* Exercise: All records are to be transcribed in full; any pictures among them are to be skipped.

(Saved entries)
BEGIN
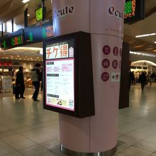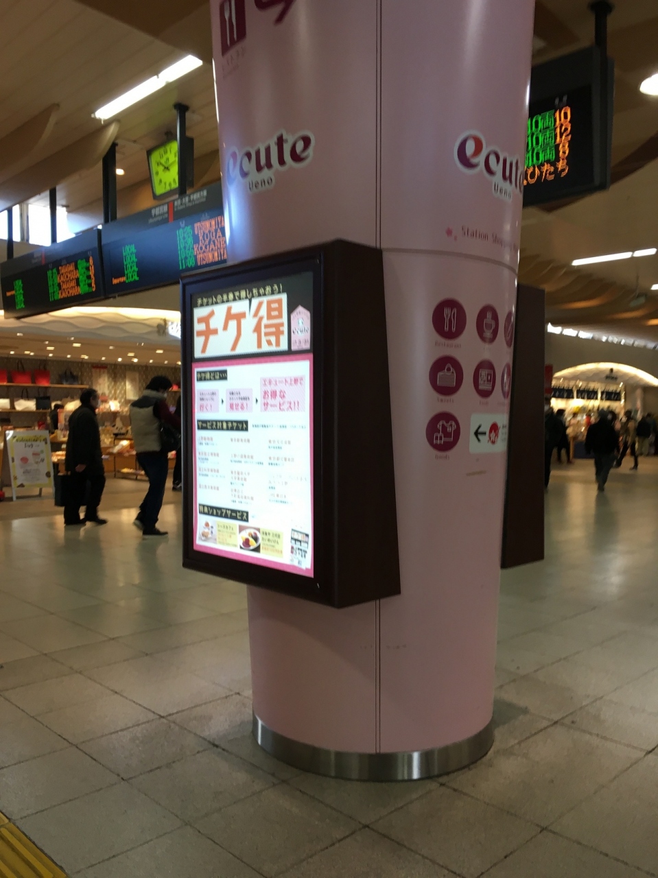 上野駅に直結しているエキュートという商業施設です。こちらのエキュートに入っている店舗ではチケ得というサービスがありました。エキュート内に上野エリアの美術館や劇場のチケット売り場があり、チケットを利用する前でも後でもチケットを提示するといろいろなサービスを受けられます。たいめいけんではレジでチケットを提示するとお会計から100円値引きしてくれました。
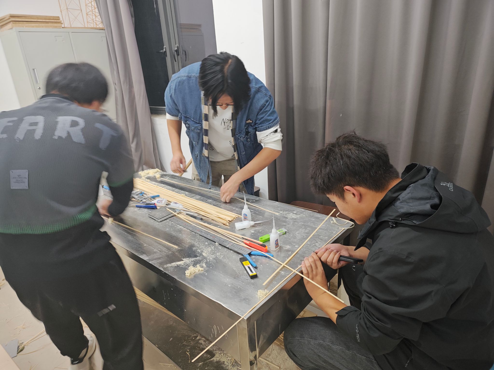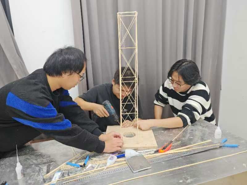 全国老员工结构设计竞赛是由教育部批准的全国性九大学科竞赛资助项目之一,是土木领域级别最高、影响最大的综合性学科竞赛,被誉为“土木皇冠上最璀璨的明珠”。本届大赛赛题为《考虑水平振动的高耸塔式结构设计与模型制作》,以高耸塔式结构为基本单元,要求参赛者针对水平荷载、竖向荷载及水平振动复杂工况对其进行受力分析、结构设计、模型制作及加载试验,该模型模拟的承受的荷载主要分为竖向荷载(由塔体自身材料重量导致)和水平荷载(风荷载为主)。模型荷载模拟包括一级变频激励振动(模拟风振动态响应)、二级水平静载(模拟侧向力导致的侧向位移)和三级圆频激励振动(模拟结构变化后抵抗风振)。此外,还需模拟因自重等因素产生的竖向荷载。公司“阳光之巅”代表队根据前期严谨的理论验证和精细的数据计算,现场历经12小时的模型制作,最终完成了一座结构稳固、造型精美的框架式塔式结构模型。比赛最终成绩排名根据理论方案、现场制作、陈述答辩、加载表现四个维度打分得出。
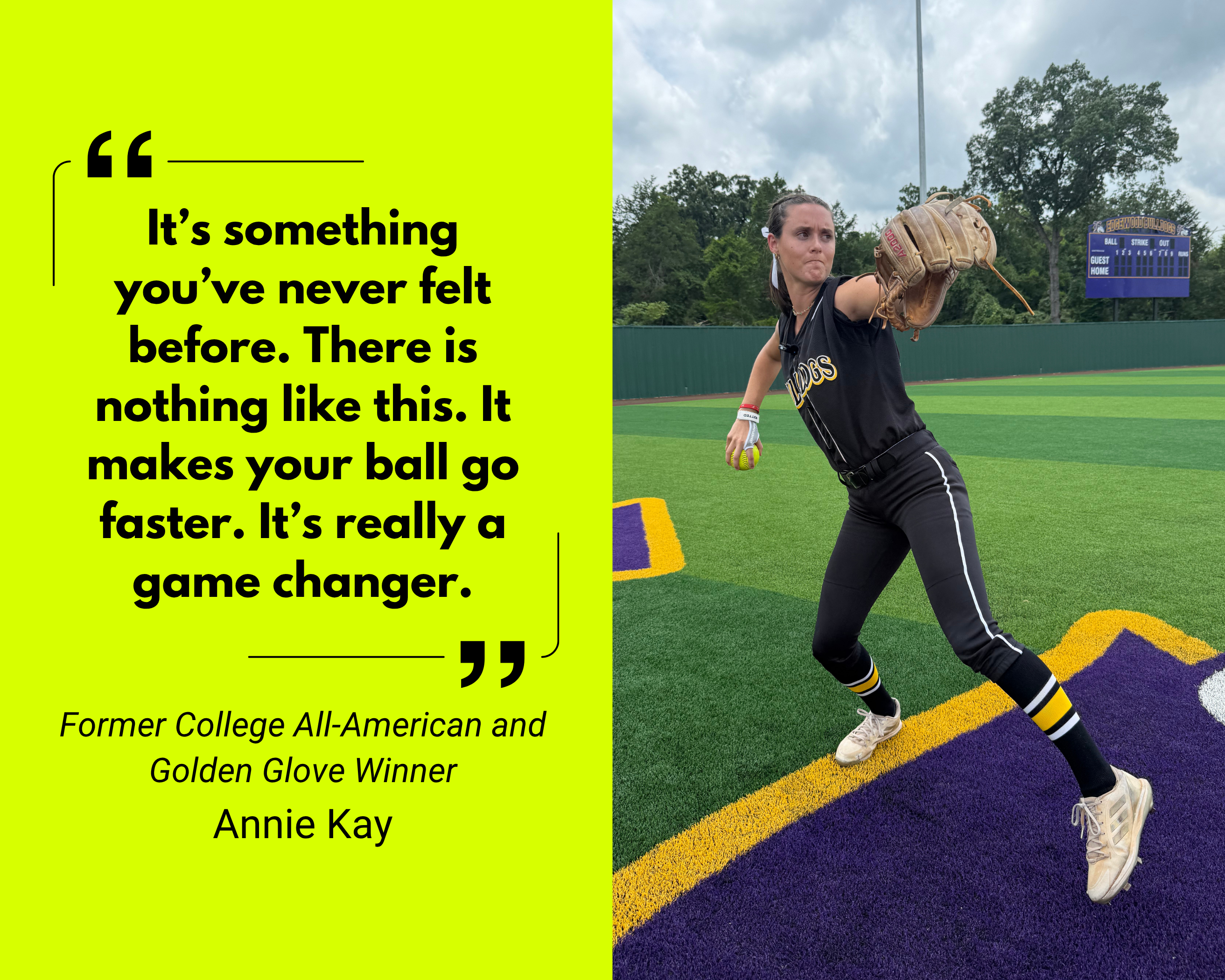 Softball's First and only throwing glove proven to enhance velocity, spin rate, and accuracy.
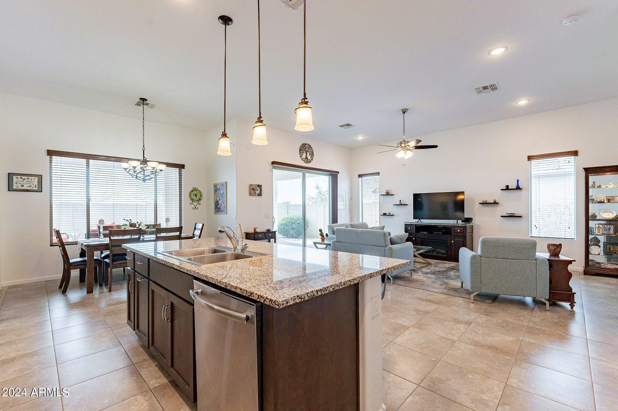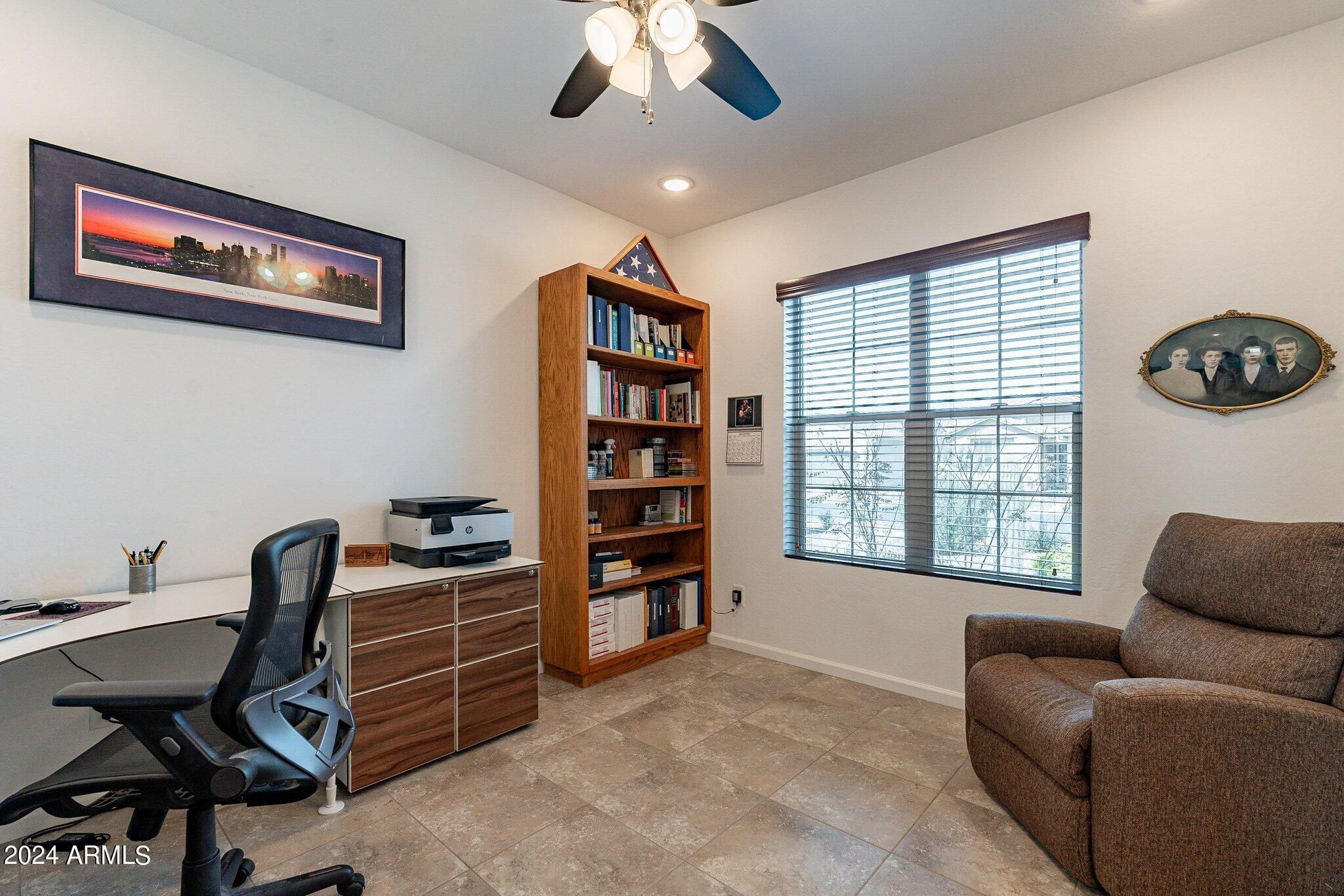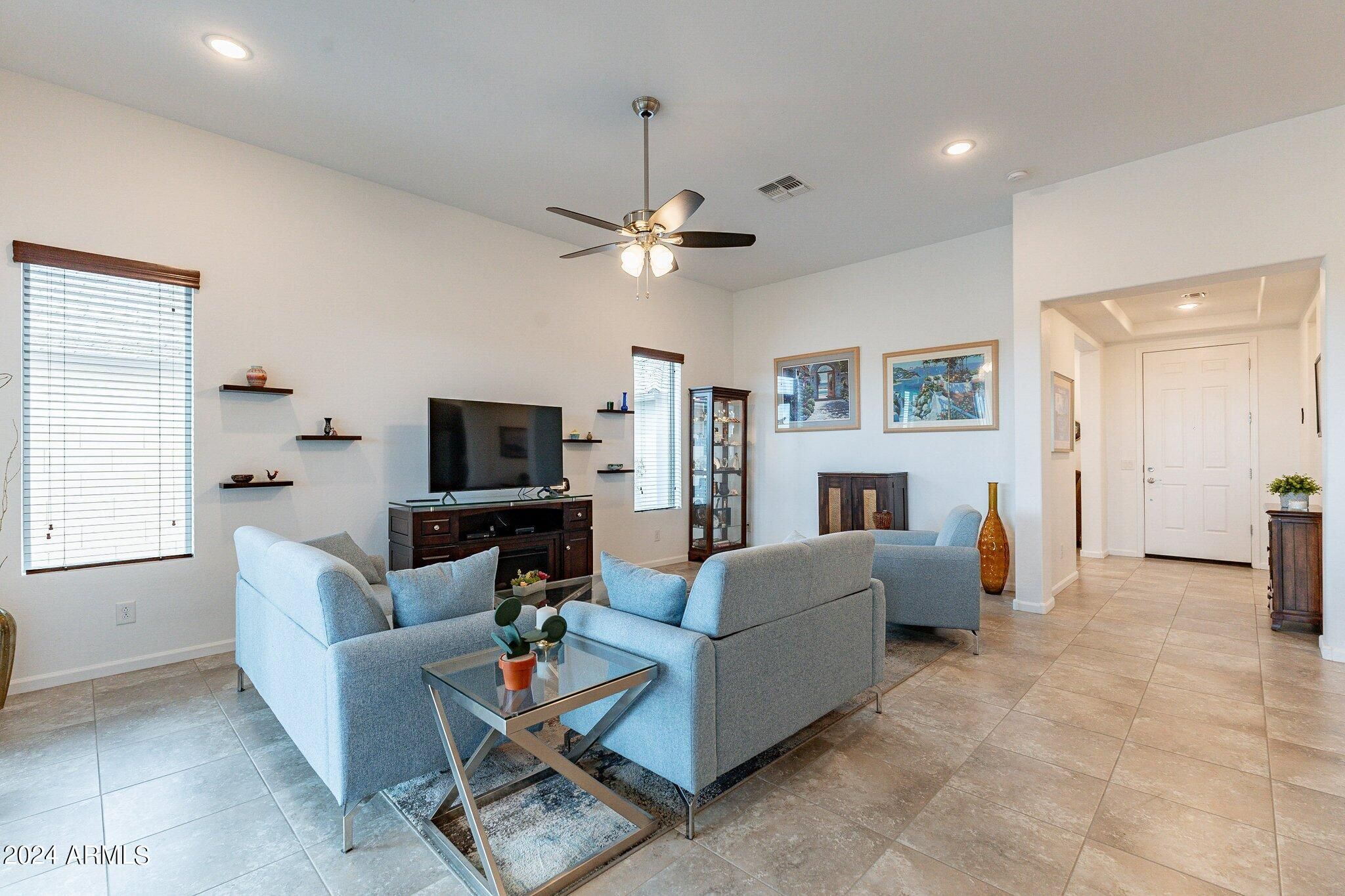 Welcome Home to this very popular and sought after Mandera model in Robson Ranch! This partially furnished 2-bed, 2.5-bath home with a den/office spans 1884 sq ft with 18'' tile flooring throughout. Enjoy the airy feel with 11' ceilings in the main living areas and 10' ceilings in the master bedroom. The kitchen is a chef's dream, the dining area includes a built in China hutch and the master suite offers a luxurious retreat. Enjoy the warm Arizona sun in your private backyard oasis, which includes a covered paver patio with a ceiling fan, Pre-wired for a patio TV and Pre-wired electrical for a Hot Tub. Robson Ranch's Gated Community amenities, include an 18 hole championship golf course, pickleball courts, clubhouse, restaurant, heated pool, indoor lap pool, fitness center and more add
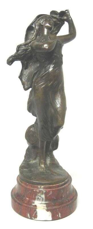 Bronze, medium brown patina, signed Virgile Morez, raised on a circular rouge marble base.
END
* Answer section:
 上野駅に直結しているエキュートという商業施設です。こちらのエキュートに入っている店舗ではチケ得というサービスがありました。エキュート内に上野エリアの美術館や劇場のチケット売り場があり、チケットを利用する前でも後でもチケットを提示するといろいろなサービスを受けられます。たいめいけんではレジでチケットを提示するとお会計から100円値引きしてくれました。
 全国老员工结构设计竞赛是由教育部批准的全国性九大学科竞赛资助项目之一,是土木领域级别最高、影响最大的综合性学科竞赛,被誉为“土木皇冠上最璀璨的明珠”。本届大赛赛题为《考虑水平振动的高耸塔式结构设计与模型制作》,以高耸塔式结构为基本单元,要求参赛者针对水平荷载、竖向荷载及水平振动复杂工况对其进行受力分析、结构设计、模型制作及加载试验,该模型模拟的承受的荷载主要分为竖向荷载(由塔体自身材料重量导致)和水平荷载(风荷载为主)。模型荷载模拟包括一级变频激励振动(模拟风振动态响应)、二级水平静载(模拟侧向力导致的侧向位移)和三级圆频激励振动(模拟结构变化后抵抗风振)。此外,还需模拟因自重等因素产生的竖向荷载。公司“阳光之巅”代表队根据前期严谨的理论验证和精细的数据计算,现场历经12小时的模型制作,最终完成了一座结构稳固、造型精美的框架式塔式结构模型。比赛最终成绩排名根据理论方案、现场制作、陈述答辩、加载表现四个维度打分得出。
 Softball's First and only throwing glove proven to enhance velocity, spin rate, and accuracy.
 Welcome Home to this very popular and sought after Mandera model in Robson Ranch! This partially furnished 2-bed, 2.5-bath home with a den/office spans 1884 sq ft with 18'' tile flooring throughout. Enjoy the airy feel with 11' ceilings in the main living areas and 10' ceilings in the master bedroom. The kitchen is a chef's dream, the dining area includes a built in China hutch and the master suite offers a luxurious retreat. Enjoy the warm Arizona sun in your private backyard oasis, which includes a covered paver patio with a ceiling fan, Pre-wired for a patio TV and Pre-wired electrical for a Hot Tub. Robson Ranch's Gated Community amenities, include an 18 hole championship golf course, pickleball courts, clubhouse, restaurant, heated pool, indoor lap pool, fitness center and more add
 Bronze, medium brown patina, signed Virgile Morez, raised on a circular rouge marble base.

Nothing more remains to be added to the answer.